[[ Exercise data open ]]
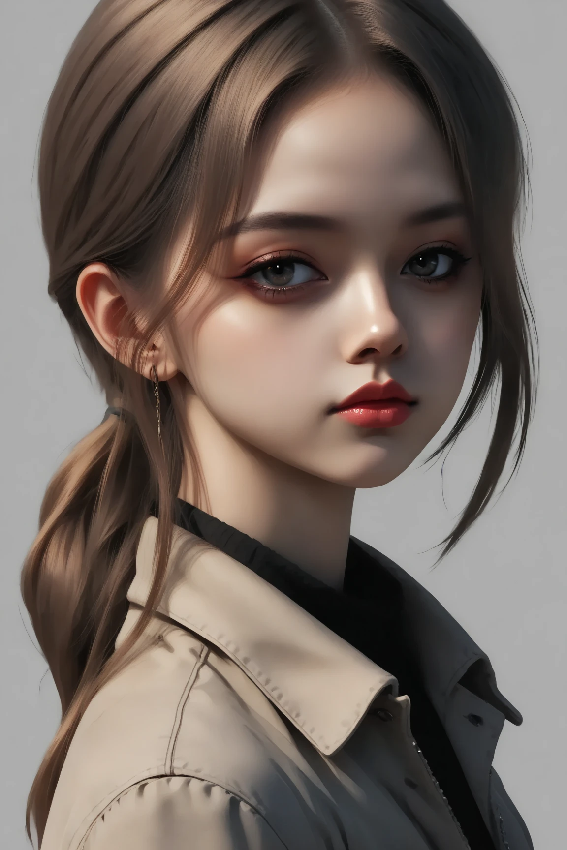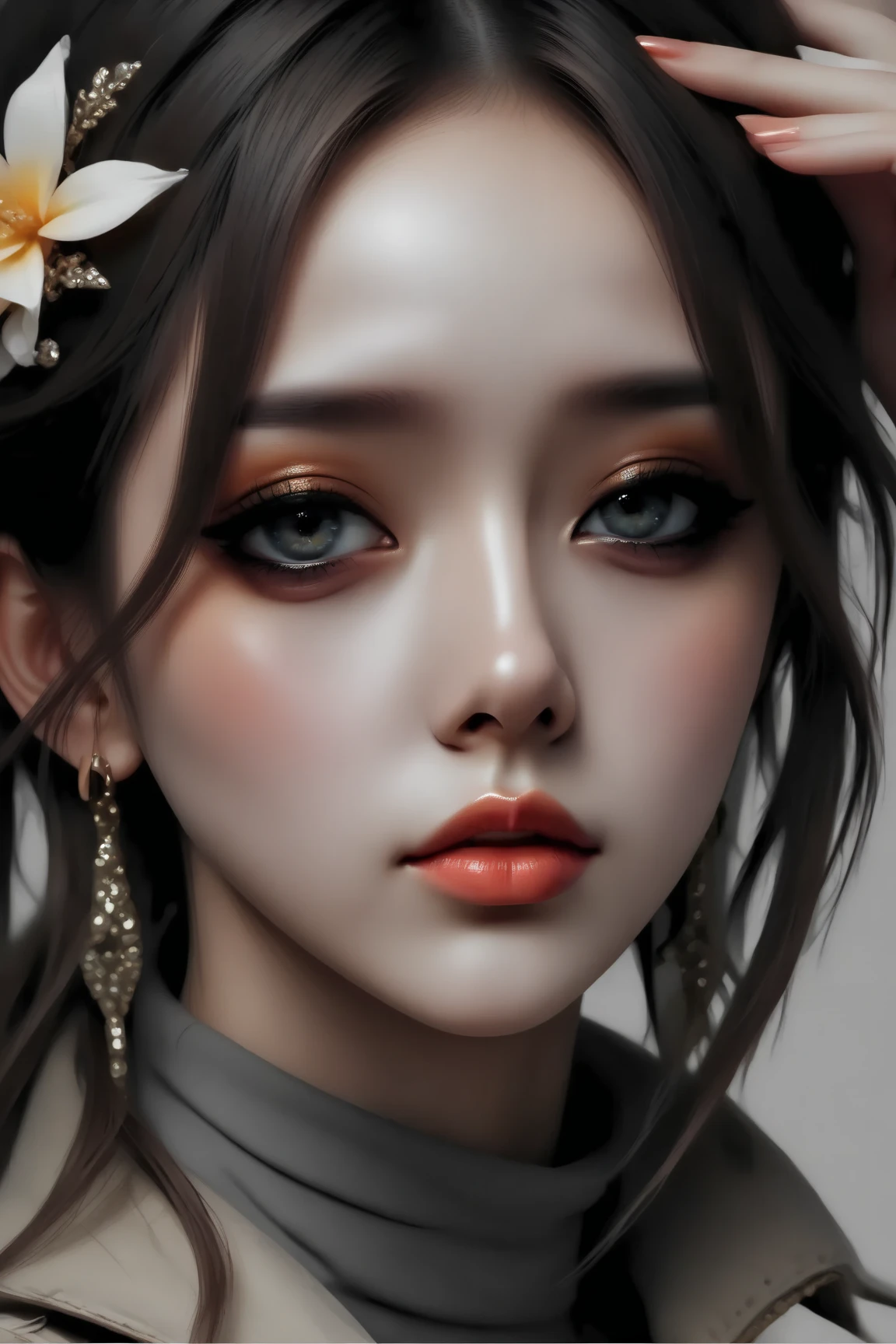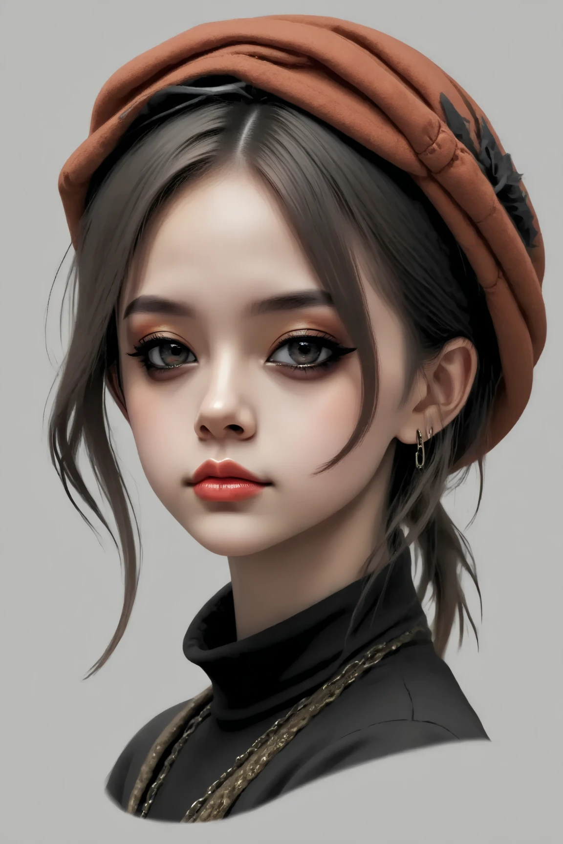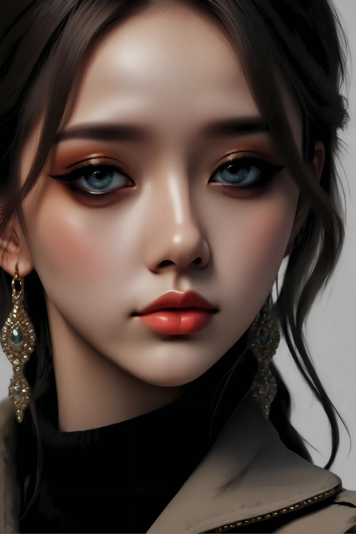 印象的な目つきの女性のクローズアップショットが捉えられています。彼女の黒髪はゆるやかなウェーブがかったスタイルで、背中に流れ落ち、複雑なデザインと真珠が付いた垂れ下がるイヤリングを着けています。彼女のメイクは大胆でドラマチックで、濃い赤のリップが彼女の青白い肌に映えます。彼女の目はスモーキーなアイメイクで強調され、眉は手入れされて埋められています。彼女は首の周りに繊細な真珠のチェーンが付いた黒いチョーカーを着けており、彼女のアンサンブルに優雅さを加えています。照明は柔らかく拡散しており、彼女の顔の輪郭とイヤリングの複雑なディテールを際立たせています。画像のスタイルはファンタジーやゴシック美学を彷彿とさせ、神秘と陰謀の感覚を呼び起こします。
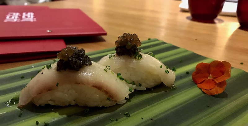 Atractivas presentaciones en Sexi Fish: Niguiri de pez limón con trufa con flor comestible.
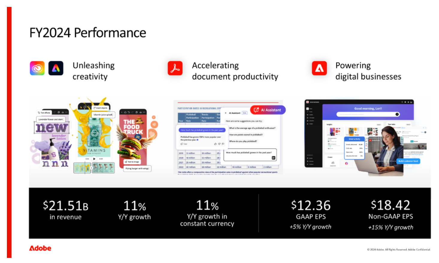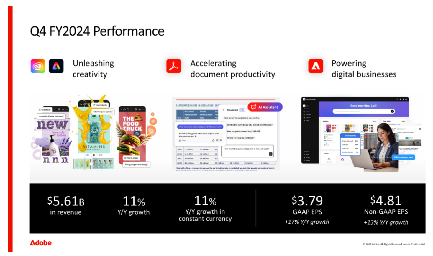 기업들의 AI 도입이 가속화됨에 따라, 어도비의 경험 클라우드 또한 빠르게 성장하고 있습니다. 특히, AI 기반 개인화 마케팅 도구는 많은 기업이 디지털 광고 및 고객 분석을 최적화하는 데 필수적인 요소로 자리 잡았습니다.
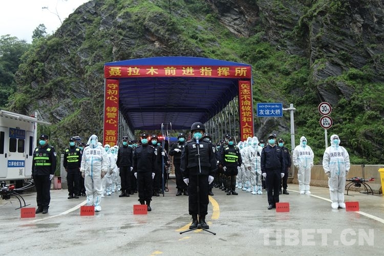 誓師大會(huì)奏唱中華人民共和國(guó)國(guó)歌、中國(guó)人民警察警歌,日喀則、聶拉木兩個(gè)前進(jìn)指揮所代表基層作表態(tài)發(fā)言,全體參戰(zhàn)民警進(jìn)行了莊嚴(yán)宣誓。
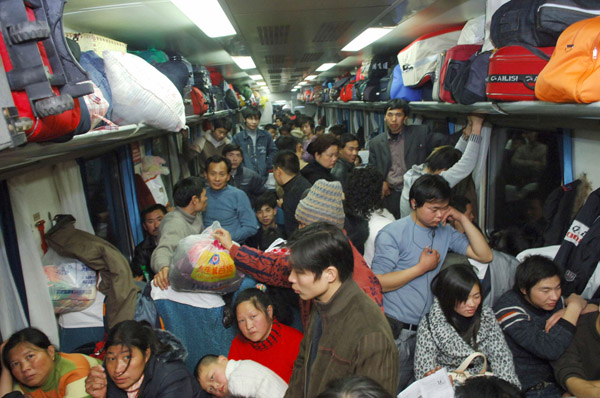 A train packed with passengers in 2007 before that year's Spring Festival holiday. [PHOTO/XINHUA] |
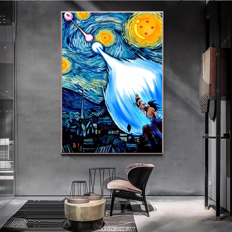 - Pintura al óleo: Una pintura de Goku lanzándole un Kame Hame Ha a Vegeta que cuesta menos de tres dólares. El envío es mucho más costoso (aproximadamente 10 dólares) que el producto.
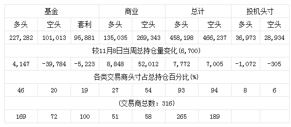 美国商品期货交易委员会(CFTC)最新公布截止11月8日当周COX黄金期货分类持仓报告: 合约单位:100金衡盎司总持仓量:488471
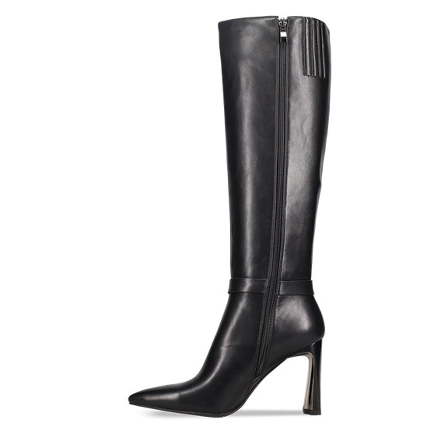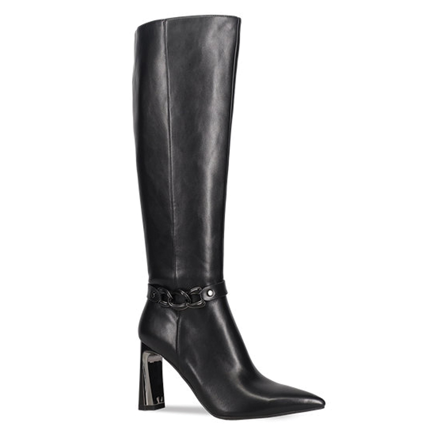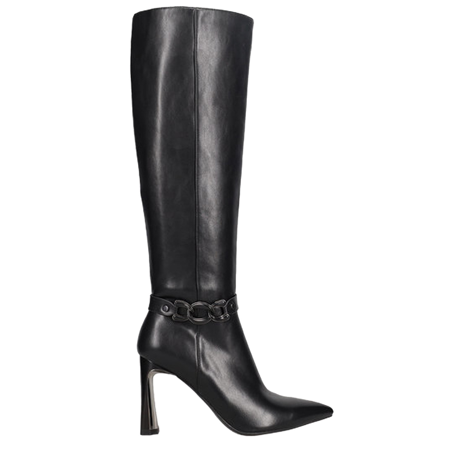 Μαύρη μπότα μέχρι το γόνατο. Διαθέτει χοντρό ψηλό τακούνι με χρυσή λεπτομέρεια και χρυσή διακοσμητική αλυσίδα αστραγάλου. Κλείνει με φερμουάρ στο πλάι.
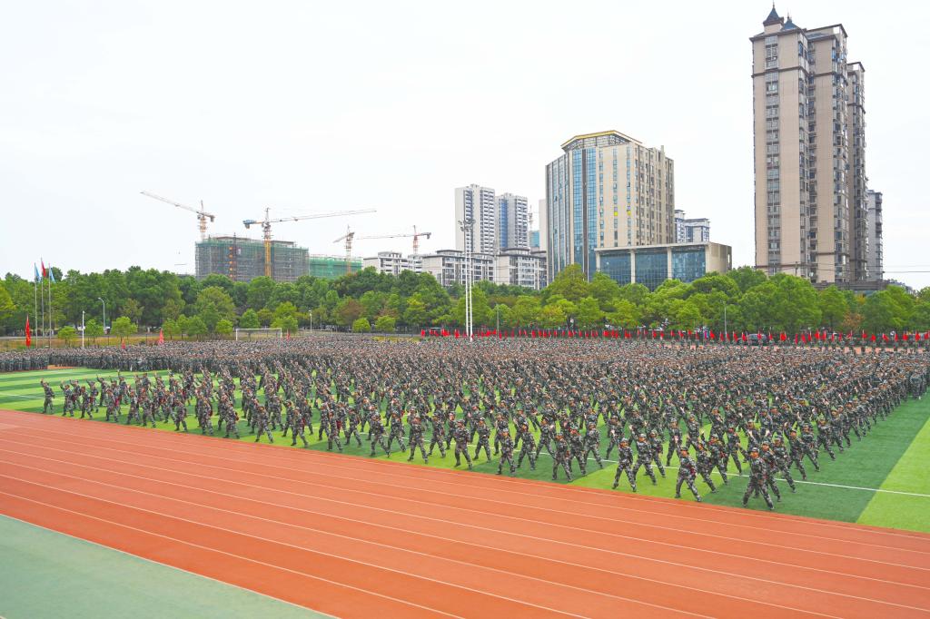 军训成果汇报表演由副校长雷存喜主持。军训教官表演了摔擒格斗、分队战术行动演练、擒敌拳、匕首操、应急棍,各学院新生表演了《团体操》《军体拳》《旗操、手语操》等节目。其后,在教官方队的引领下,各二级学院新生方队喊着嘹亮的口号,迈着铿锵有力的步伐,昂首阔步、意气风发地经过主席台接受检阅,向全校师生展示了2022级新生14天的军训成果和蓬勃朝气。
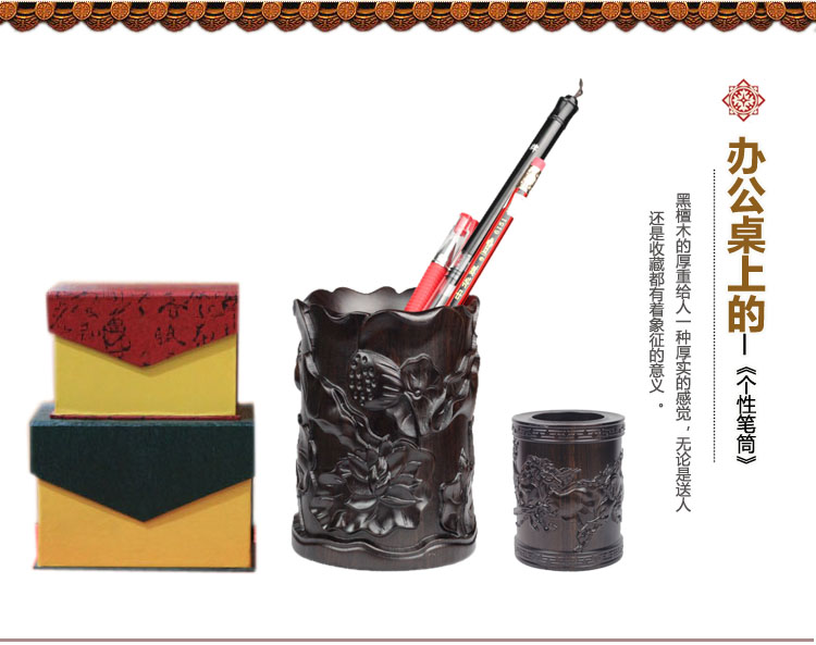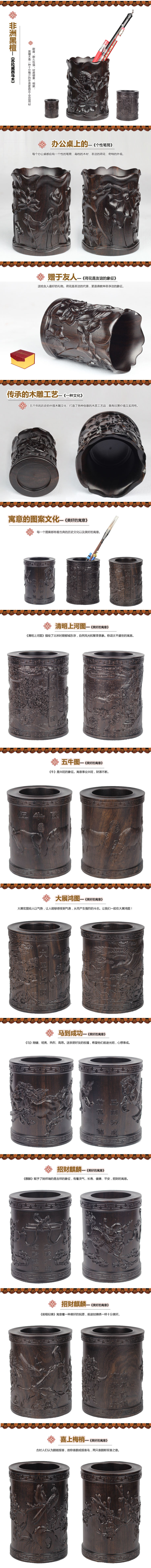 馬到成功黑檀 實木筆筒擺件紅木質辦公桌書房創意禮品木雕高檔筆筒
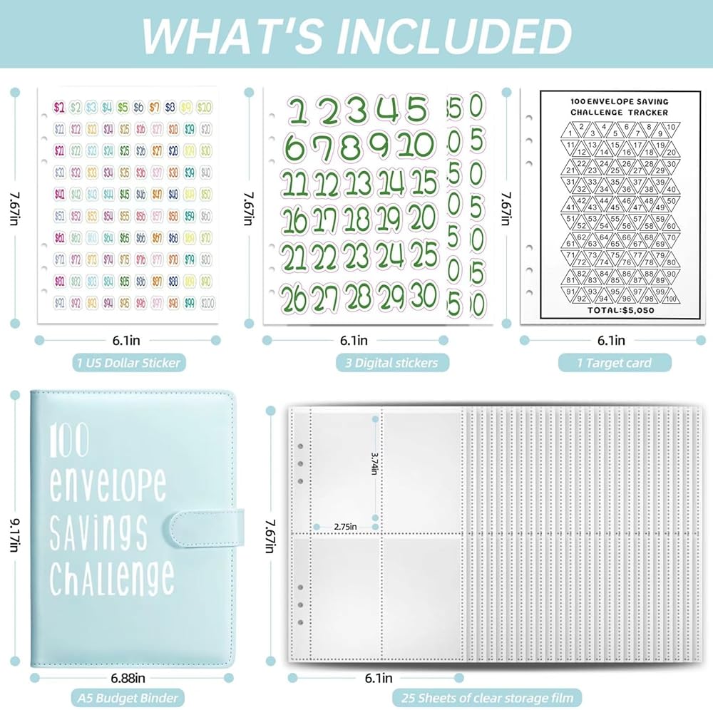 【100 Envelope Savings Challenge】100 Envelopes Money Saving Challenge Loose-leaf Binder is a great way to get the whole family involved in saving while developing good saving habits in your children. Imagine how fun and engaging it is to start with $1 on day one and save $5,050 on day 100!
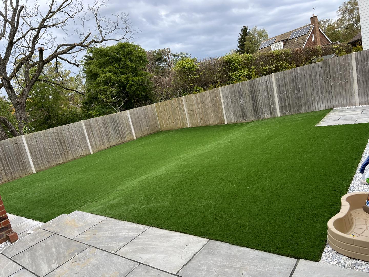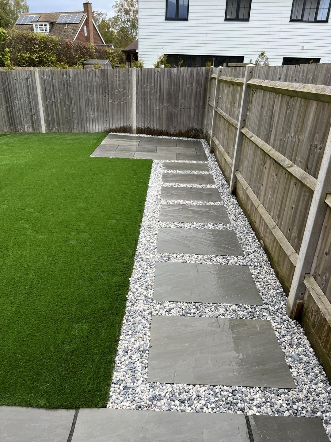 Stunning transformation: artificial grass, 37m² Kandla grey sandstone, decorative stepping stones.
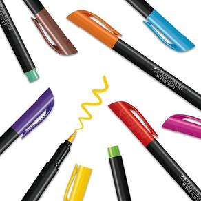 As Canetinhas Hidrográficas Faber-Castell da linha SuperSoft têm design arrojado e moderno, com ponta pincel (brush) supermacia, perfeita para técnicas de Lettering e desenhos artísticos. A embalagem é reutilizável e 100% reciclável, e a tinta é lavável e atóxica.
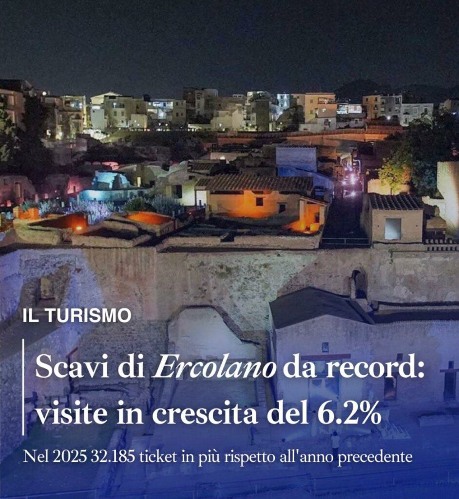 | Ercolano cresce, e lo fa con la forza della cultura. I dati pubblicati di recente confermano un record nel 2025 per il Parco Archeologico di Ercolano, con un aumento dei visitatori del 6,2% rispetto al 2024. Questo non è solo un numero, ma la testimonianza concreta di quanto la valorizzazione del nostro patrimonio culturale sia una leva fondamentale per lo sviluppo economico e sociale del territorio. Credo fermamente nel valore della cultura come motore di crescita. Valorizzare le bellezze naturalistiche e culturali di Ercolano, come di tutta la Regione Campania, significa creare opportunità di lavoro per i giovani, attrarre investimenti e favorire inclusione sociale. È così che si costruisce uno sviluppo sostenibile, che parte dalle radici profonde della nostra storia per proiettarsi nel futuro. La bellezza non è un regalo, è una risorsa da difendere e promuovere con impegno. Ercolano ne è un esempio e questo successo turistico deve essere una sfida per puntare a traguardi sempre più ambiziosi. Ciro Buonajuto |
[[ Exercise data closed ]]
■ About this exercise
Repeat every line above precisely; pictures do not belong in the copy.

■ Output of the task
 印象的な目つきの女性のクローズアップショットが捉えられています。彼女の黒髪はゆるやかなウェーブがかったスタイルで、背中に流れ落ち、複雑なデザインと真珠が付いた垂れ下がるイヤリングを着けています。彼女のメイクは大胆でドラマチックで、濃い赤のリップが彼女の青白い肌に映えます。彼女の目はスモーキーなアイメイクで強調され、眉は手入れされて埋められています。彼女は首の周りに繊細な真珠のチェーンが付いた黒いチョーカーを着けており、彼女のアンサンブルに優雅さを加えています。照明は柔らかく拡散しており、彼女の顔の輪郭とイヤリングの複雑なディテールを際立たせています。画像のスタイルはファンタジーやゴシック美学を彷彿とさせ、神秘と陰謀の感覚を呼び起こします。
 Atractivas presentaciones en Sexi Fish: Niguiri de pez limón con trufa con flor comestible.
 기업들의 AI 도입이 가속화됨에 따라, 어도비의 경험 클라우드 또한 빠르게 성장하고 있습니다. 특히, AI 기반 개인화 마케팅 도구는 많은 기업이 디지털 광고 및 고객 분석을 최적화하는 데 필수적인 요소로 자리 잡았습니다.
 誓師大會(huì)奏唱中華人民共和國(guó)國(guó)歌、中國(guó)人民警察警歌,日喀則、聶拉木兩個(gè)前進(jìn)指揮所代表基層作表態(tài)發(fā)言,全體參戰(zhàn)民警進(jìn)行了莊嚴(yán)宣誓。
 A train packed with passengers in 2007 before that year's Spring Festival holiday. [PHOTO/XINHUA] |
 - Pintura al óleo: Una pintura de Goku lanzándole un Kame Hame Ha a Vegeta que cuesta menos de tres dólares. El envío es mucho más costoso (aproximadamente 10 dólares) que el producto.
 美国商品期货交易委员会(CFTC)最新公布截止11月8日当周COX黄金期货分类持仓报告: 合约单位:100金衡盎司总持仓量:488471
 Μαύρη μπότα μέχρι το γόνατο. Διαθέτει χοντρό ψηλό τακούνι με χρυσή λεπτομέρεια και χρυσή διακοσμητική αλυσίδα αστραγάλου. Κλείνει με φερμουάρ στο πλάι.
 军训成果汇报表演由副校长雷存喜主持。军训教官表演了摔擒格斗、分队战术行动演练、擒敌拳、匕首操、应急棍,各学院新生表演了《团体操》《军体拳》《旗操、手语操》等节目。其后,在教官方队的引领下,各二级学院新生方队喊着嘹亮的口号,迈着铿锵有力的步伐,昂首阔步、意气风发地经过主席台接受检阅,向全校师生展示了2022级新生14天的军训成果和蓬勃朝气。
 馬到成功黑檀 實木筆筒擺件紅木質辦公桌書房創意禮品木雕高檔筆筒
 【100 Envelope Savings Challenge】100 Envelopes Money Saving Challenge Loose-leaf Binder is a great way to get the whole family involved in saving while developing good saving habits in your children. Imagine how fun and engaging it is to start with $1 on day one and save $5,050 on day 100!
 Stunning transformation: artificial grass, 37m² Kandla grey sandstone, decorative stepping stones.
 As Canetinhas Hidrográficas Faber-Castell da linha SuperSoft têm design arrojado e moderno, com ponta pincel (brush) supermacia, perfeita para técnicas de Lettering e desenhos artísticos. A embalagem é reutilizável e 100% reciclável, e a tinta é lavável e atóxica.
 | Ercolano cresce, e lo fa con la forza della cultura. I dati pubblicati di recente confermano un record nel 2025 per il Parco Archeologico di Ercolano, con un aumento dei visitatori del 6,2% rispetto al 2024. Questo non è solo un numero, ma la testimonianza concreta di quanto la valorizzazione del nostro patrimonio culturale sia una leva fondamentale per lo sviluppo economico e sociale del territorio. Credo fermamente nel valore della cultura come motore di crescita. Valorizzare le bellezze naturalistiche e culturali di Ercolano, come di tutta la Regione Campania, significa creare opportunità di lavoro per i giovani, attrarre investimenti e favorire inclusione sociale. È così che si costruisce uno sviluppo sostenibile, che parte dalle radici profonde della nostra storia per proiettarsi nel futuro. La bellezza non è un regalo, è una risorsa da difendere e promuovere con impegno. Ercolano ne è un esempio e questo successo turistico deve essere una sfida per puntare a traguardi sempre più ambiziosi. Ciro Buonajuto |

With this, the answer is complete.